• Directions: Please set down every line of the records below exactly, without the pictures.
═══ Exercise materials
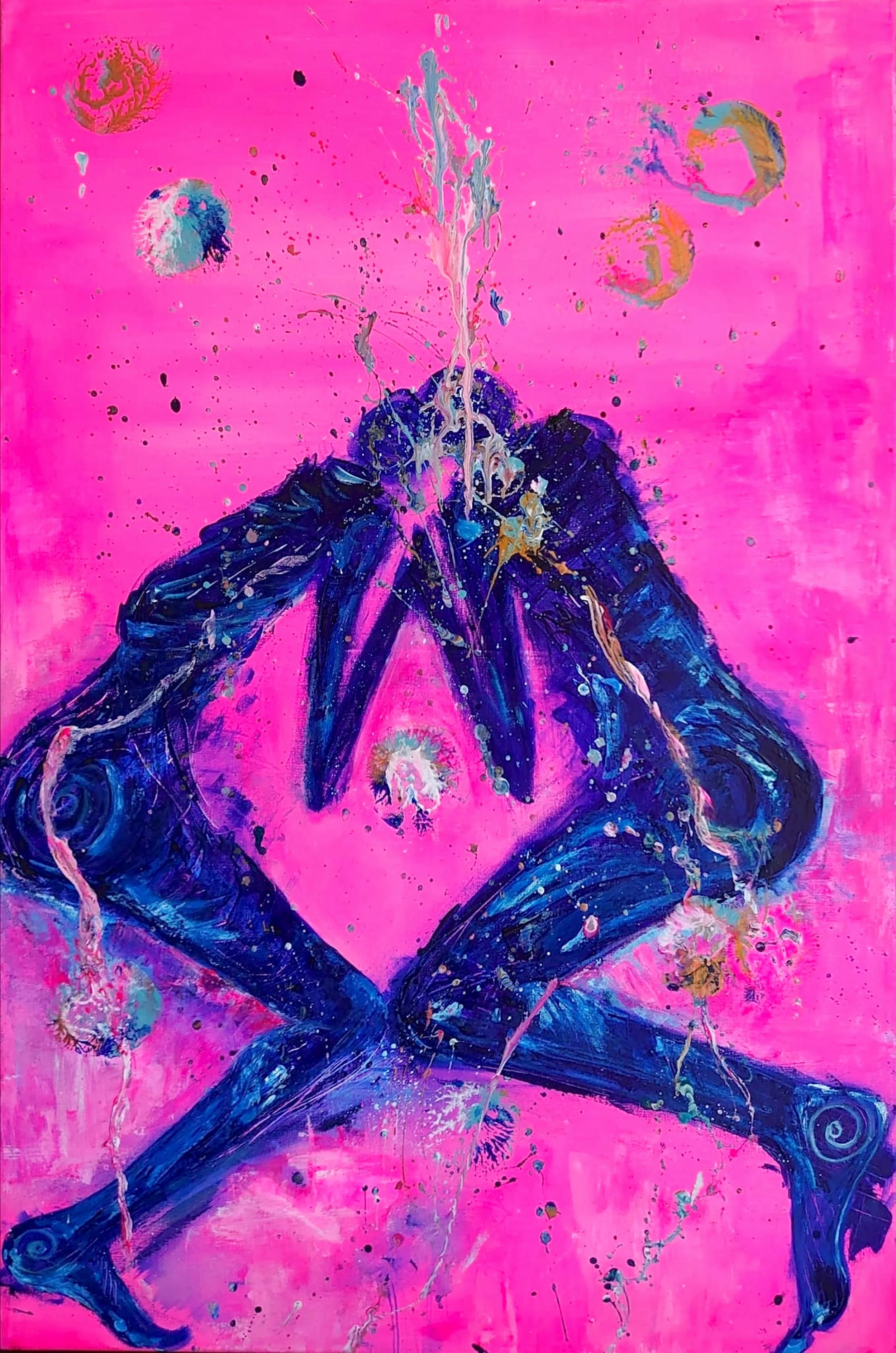 EVOLVING THROUGH MESS, 2023. Acrylic on canvas, 90 × 60 cm
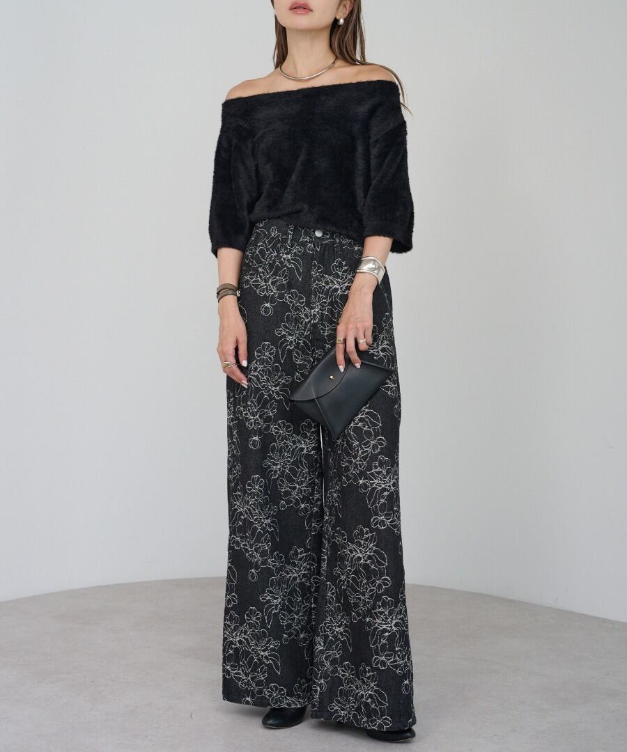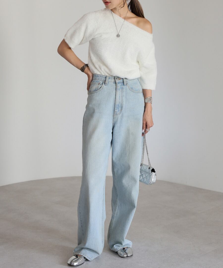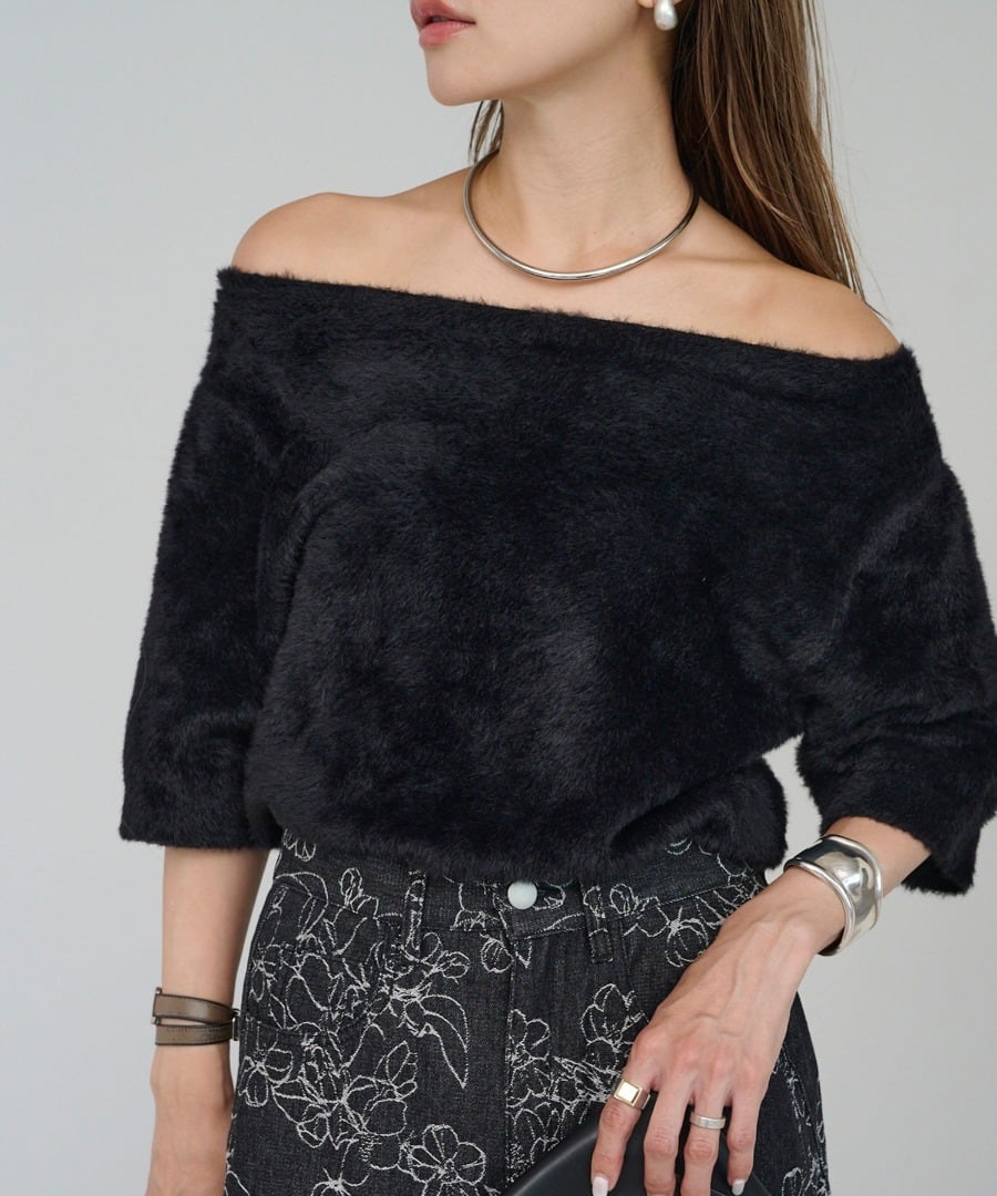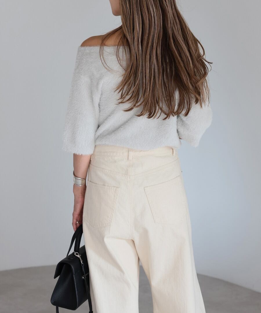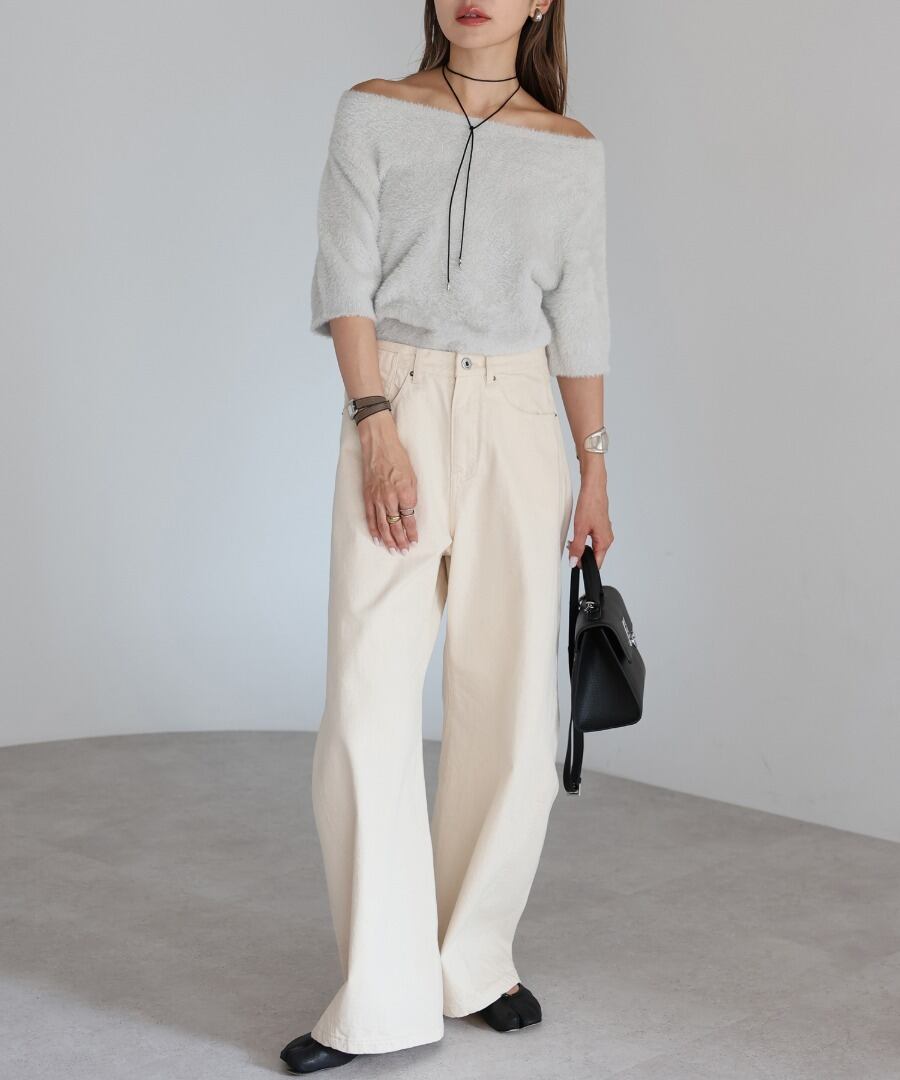 毛足のある素材感が、トレンドライクなフェザーニットの魅力を際立てます。
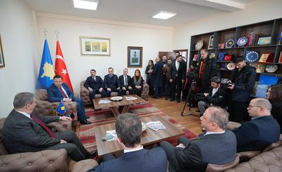 Büyük Birlik Partisi (BBP) Genel Başkanı Mustafa Destici (solda), Kosova'nın tek Türk belediyesi olan Mamuşa Belediyesini ziyaret etti. Ziyarette, Mamuşa Belediye Başkanı Abdülhadi Krasniç (sağda) de yer aldı.
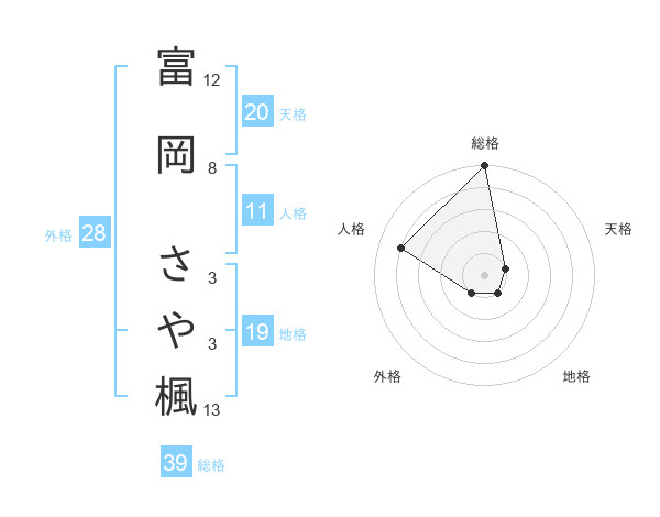 富岡 さや楓さんを姓名の画数から五運を鑑定
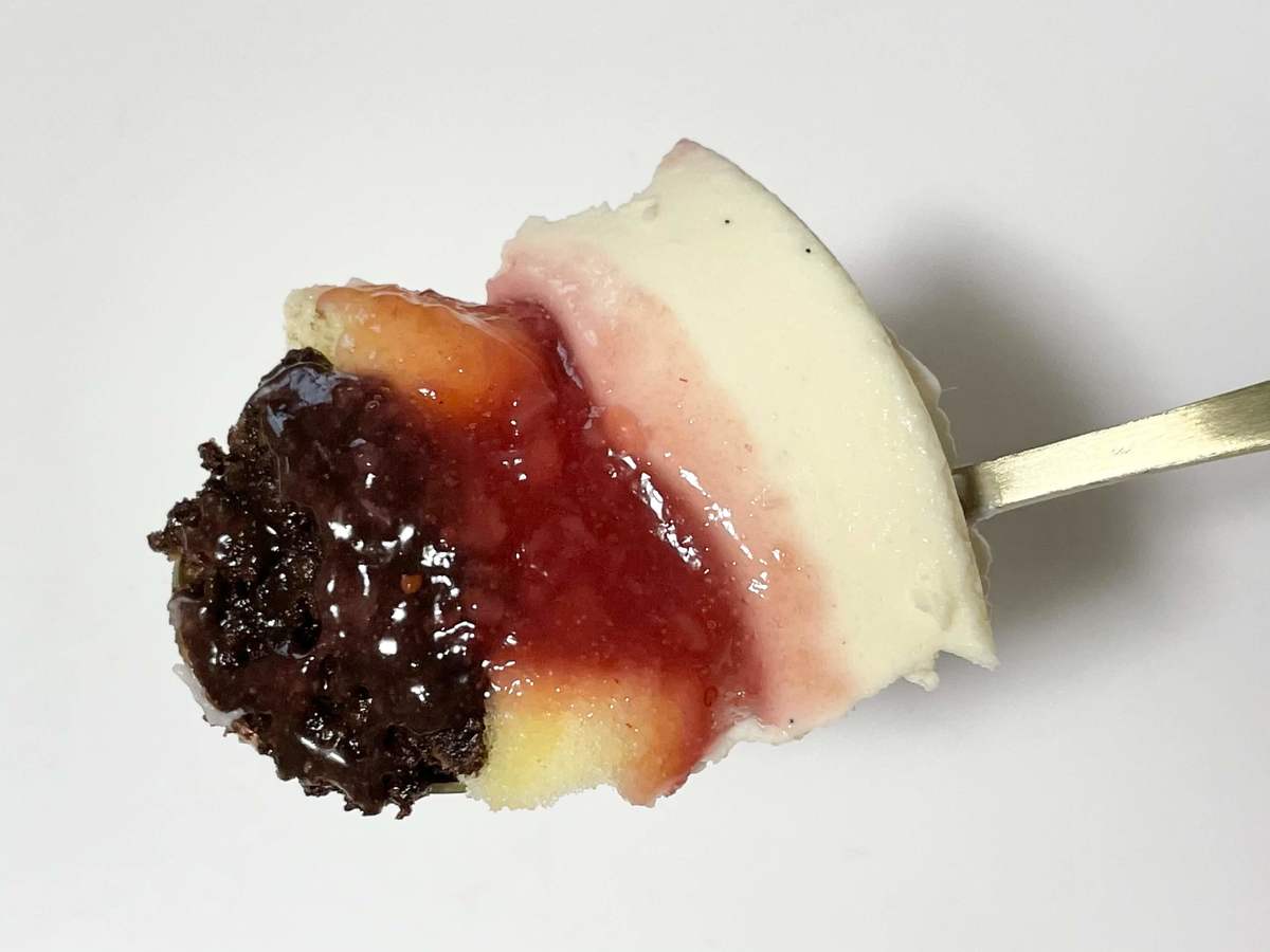 横から見ると、きれいな層が! スポンジケーキがゴロっと入っているのが分かります。
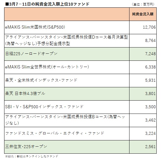 国内公募追加型株式投信(確定拠出年金専用、ファンドラップ専用、及びETF除く)を対象として、ウエルスアドバイザー推計値に基づいて先週(2022年3月7−11日)の純資金流入額上位10ファンドを確認したところ、日経225連動型2ファンドと日本株ブル型1ファンドの計3ファンドが新たにトップ10内にランクインした。 アセットマネジメントOneの「日経225ノーロードオープン」、楽天投信投資顧問の「楽天 日本株4.3倍ブル」の2ファンドが2月21−25日以来2週ぶりにトップ10に返り咲いたほか、三井住友DSアセットマネジメントの「三井住友・225オープン」が2021年以降で見て初めてランクインした。 先週の先進国株式は、ウクライナ情勢の悪化を受けて続落した。国内株式は大幅に4週続落し、日経平均株価は一時1年4カ月ぶりの安値水準に沈んだ。米国株式に投資するファンドなど多くのファンドに対する流入額が先々週(2022年2月28日−3月4日)に比べて減少する中で、日経225連動型ファンドや日本株ブル型ファンドには株価の戻りを見込んだ資金流入が膨らんだ。12位には日興アセットマネジメントの「インデックスファンド225」、14位にはSBIアセットマネジメントの「SBI 日本株4.3ブル」が入った。 先週の純資金流入額トップは「eMAXIS Slim米国株式(S&P500)」。127億円の純資金流入となり、2週連続のトップとなった。このほかには、「eMAXIS Slim全世界株式(オール・カントリー)」、「アライアンス・バーンスタイン・米国成長株投信」の「Dコース毎月決算型(為替ヘッジなし)予想分配金提示型」と「Bコース(為替ヘッジなし)」、「楽天・全米株式インデックス・ファンド」(愛称:楽天・バンガード・ファンド(全米株式))、「SBI・V・S&P500インデックス・ファンド」(愛称:SBI・V・S&P500)、「ファンドスミス・グローバル・エクイティ・ファンド」が先々週に続いてトップ10入りした。 一方、先々週ランクインしていたファンドのうち、「iFreeレバレッジ NASDAQ100」、「キャピタル・インベストメント・カンパニー・オブ・アメリカ ICA」、「SBI・V・全米株式インデックス・ファンド」(愛称:SBI・V・全米株式)がトップ10圏外となった。
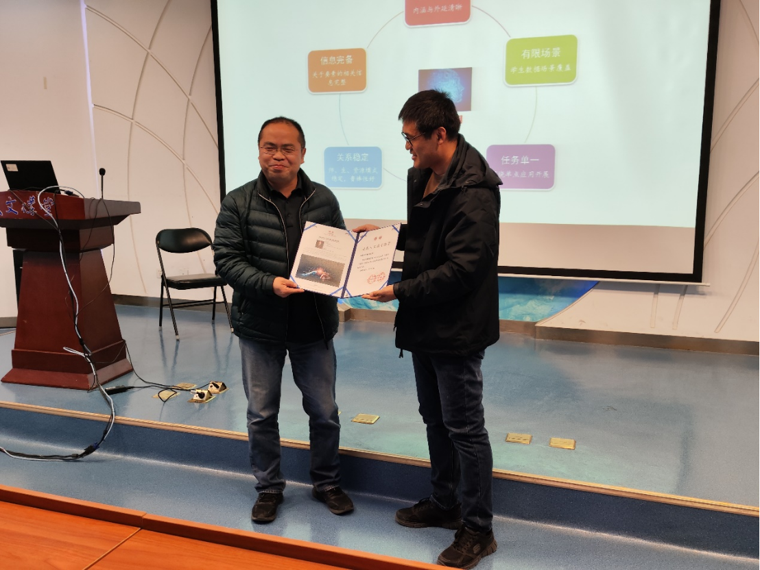 最后,樊文强代表学院向郑勤华教授颁发“人文讲堂”纪念证书。
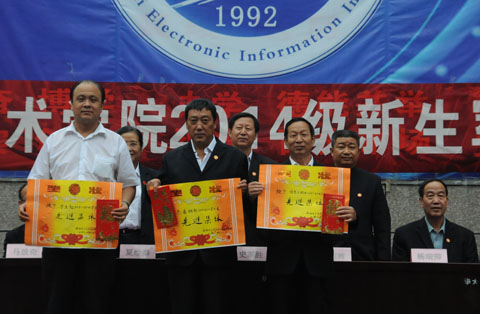 开学典礼上,举行了升旗仪式。院党委书记史军胜宣读了《关于表彰2013-2014学年度先进集体和先进个人的决定》。学生处、基础部和信息工程系3个单位荣获“先进集体”;信息工程系郭薇、张玉林,经济管理系赵静,机电工程系肖焕丽,基础部张蕾、任亲谋,实验中心李小奎,学生处李兴、田金峰、田志岗、赵学伟,党政办公室阎晓萍、亓多、马放奇,教务处周军侠,总务处赵林飞、杜晓科,院工会杨瑞卿等18名同志荣获“先进个人”。主席台就坐的院领导为获奖的先进集体和个人颁发了奖牌及荣誉证书。
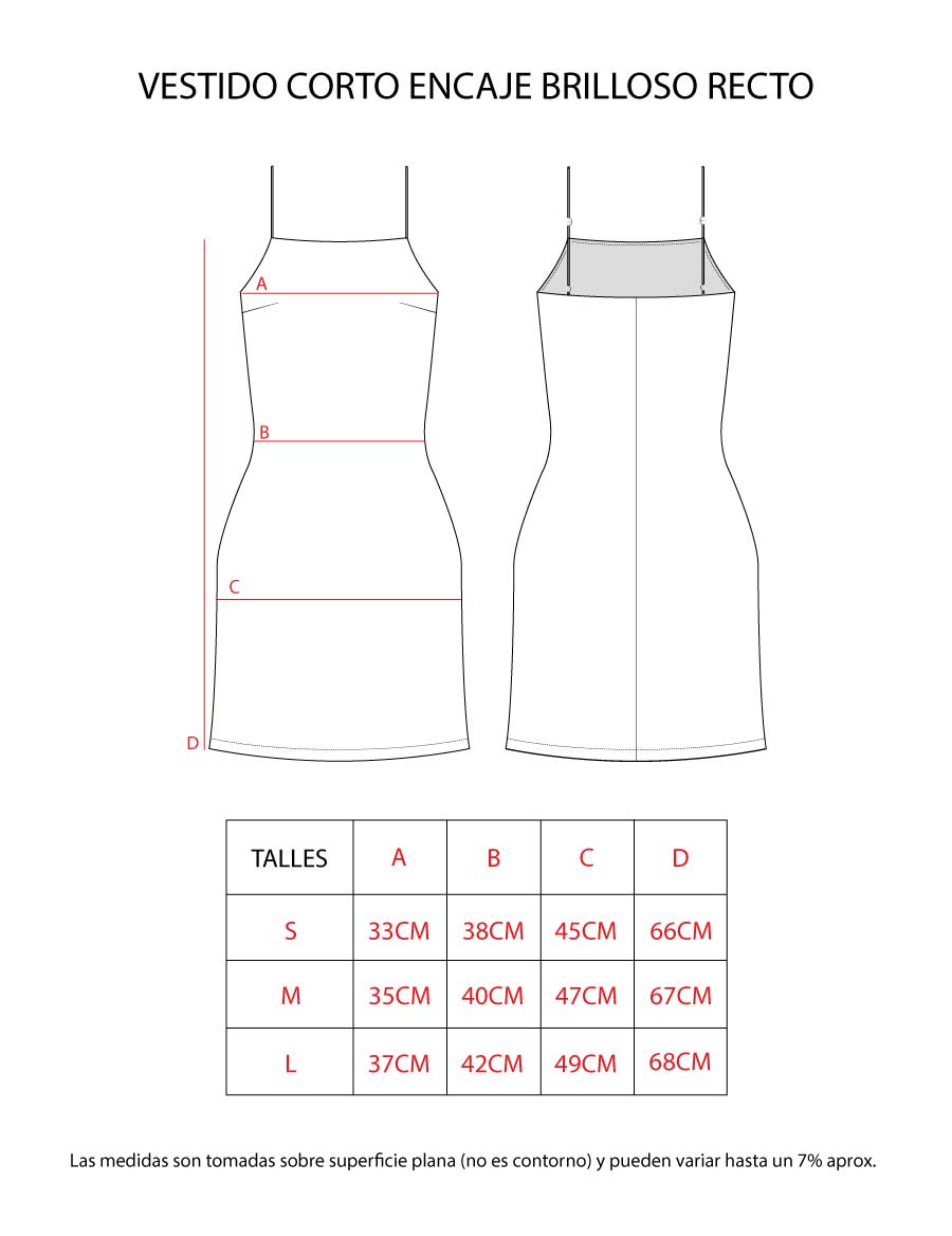 Vestido corto confeccionado en encaje con brillos, con forrería interna que aporta comodidad y mejor terminación. Presenta breteles regulables y espalda con elástico para un calce más seguro y adaptable.
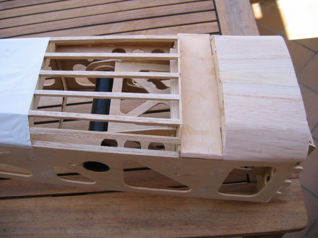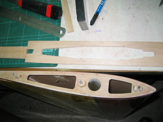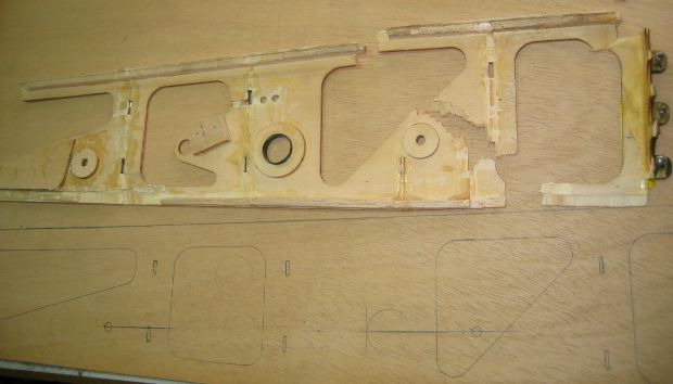 Las Alas miden un poco mas que las anteriores y sobre todo tienen mucha mas cuerda y alerones, así que como tengo que rehacer medio fuselaje, aprovecho y lo alargo también unos 4 cms.
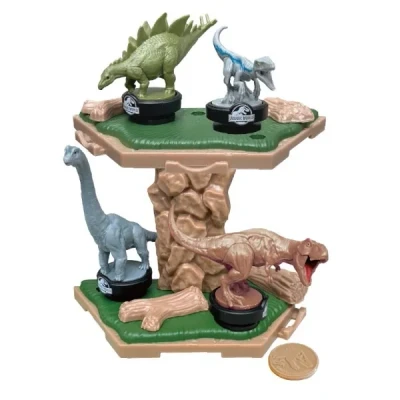 From EPOCH Games! Balancing Game with Jurassic World themed stage and dinosaur pieces! Jurassic World Island Quake is a simple balancing game. Toss the medal and move the figure or the branch piece onto the stage. Be carefull not to topple off the pieces from the stage!4 Jurassic World Dinosaur figures are included.
══════
• Expected answer:
 EVOLVING THROUGH MESS, 2023. Acrylic on canvas, 90 × 60 cm
 毛足のある素材感が、トレンドライクなフェザーニットの魅力を際立てます。
 Büyük Birlik Partisi (BBP) Genel Başkanı Mustafa Destici (solda), Kosova'nın tek Türk belediyesi olan Mamuşa Belediyesini ziyaret etti. Ziyarette, Mamuşa Belediye Başkanı Abdülhadi Krasniç (sağda) de yer aldı.
 富岡 さや楓さんを姓名の画数から五運を鑑定
 横から見ると、きれいな層が! スポンジケーキがゴロっと入っているのが分かります。
 国内公募追加型株式投信(確定拠出年金専用、ファンドラップ専用、及びETF除く)を対象として、ウエルスアドバイザー推計値に基づいて先週(2022年3月7−11日)の純資金流入額上位10ファンドを確認したところ、日経225連動型2ファンドと日本株ブル型1ファンドの計3ファンドが新たにトップ10内にランクインした。 アセットマネジメントOneの「日経225ノーロードオープン」、楽天投信投資顧問の「楽天 日本株4.3倍ブル」の2ファンドが2月21−25日以来2週ぶりにトップ10に返り咲いたほか、三井住友DSアセットマネジメントの「三井住友・225オープン」が2021年以降で見て初めてランクインした。 先週の先進国株式は、ウクライナ情勢の悪化を受けて続落した。国内株式は大幅に4週続落し、日経平均株価は一時1年4カ月ぶりの安値水準に沈んだ。米国株式に投資するファンドなど多くのファンドに対する流入額が先々週(2022年2月28日−3月4日)に比べて減少する中で、日経225連動型ファンドや日本株ブル型ファンドには株価の戻りを見込んだ資金流入が膨らんだ。12位には日興アセットマネジメントの「インデックスファンド225」、14位にはSBIアセットマネジメントの「SBI 日本株4.3ブル」が入った。 先週の純資金流入額トップは「eMAXIS Slim米国株式(S&P500)」。127億円の純資金流入となり、2週連続のトップとなった。このほかには、「eMAXIS Slim全世界株式(オール・カントリー)」、「アライアンス・バーンスタイン・米国成長株投信」の「Dコース毎月決算型(為替ヘッジなし)予想分配金提示型」と「Bコース(為替ヘッジなし)」、「楽天・全米株式インデックス・ファンド」(愛称:楽天・バンガード・ファンド(全米株式))、「SBI・V・S&P500インデックス・ファンド」(愛称:SBI・V・S&P500)、「ファンドスミス・グローバル・エクイティ・ファンド」が先々週に続いてトップ10入りした。 一方、先々週ランクインしていたファンドのうち、「iFreeレバレッジ NASDAQ100」、「キャピタル・インベストメント・カンパニー・オブ・アメリカ ICA」、「SBI・V・全米株式インデックス・ファンド」(愛称:SBI・V・全米株式)がトップ10圏外となった。
 最后,樊文强代表学院向郑勤华教授颁发“人文讲堂”纪念证书。
 开学典礼上,举行了升旗仪式。院党委书记史军胜宣读了《关于表彰2013-2014学年度先进集体和先进个人的决定》。学生处、基础部和信息工程系3个单位荣获“先进集体”;信息工程系郭薇、张玉林,经济管理系赵静,机电工程系肖焕丽,基础部张蕾、任亲谋,实验中心李小奎,学生处李兴、田金峰、田志岗、赵学伟,党政办公室阎晓萍、亓多、马放奇,教务处周军侠,总务处赵林飞、杜晓科,院工会杨瑞卿等18名同志荣获“先进个人”。主席台就坐的院领导为获奖的先进集体和个人颁发了奖牌及荣誉证书。
 Vestido corto confeccionado en encaje con brillos, con forrería interna que aporta comodidad y mejor terminación. Presenta breteles regulables y espalda con elástico para un calce más seguro y adaptable.
 Las Alas miden un poco mas que las anteriores y sobre todo tienen mucha mas cuerda y alerones, así que como tengo que rehacer medio fuselaje, aprovecho y lo alargo también unos 4 cms.
 From EPOCH Games! Balancing Game with Jurassic World themed stage and dinosaur pieces! Jurassic World Island Quake is a simple balancing game. Toss the medal and move the figure or the branch piece onto the stage. Be carefull not to topple off the pieces from the stage!4 Jurassic World Dinosaur figures are included.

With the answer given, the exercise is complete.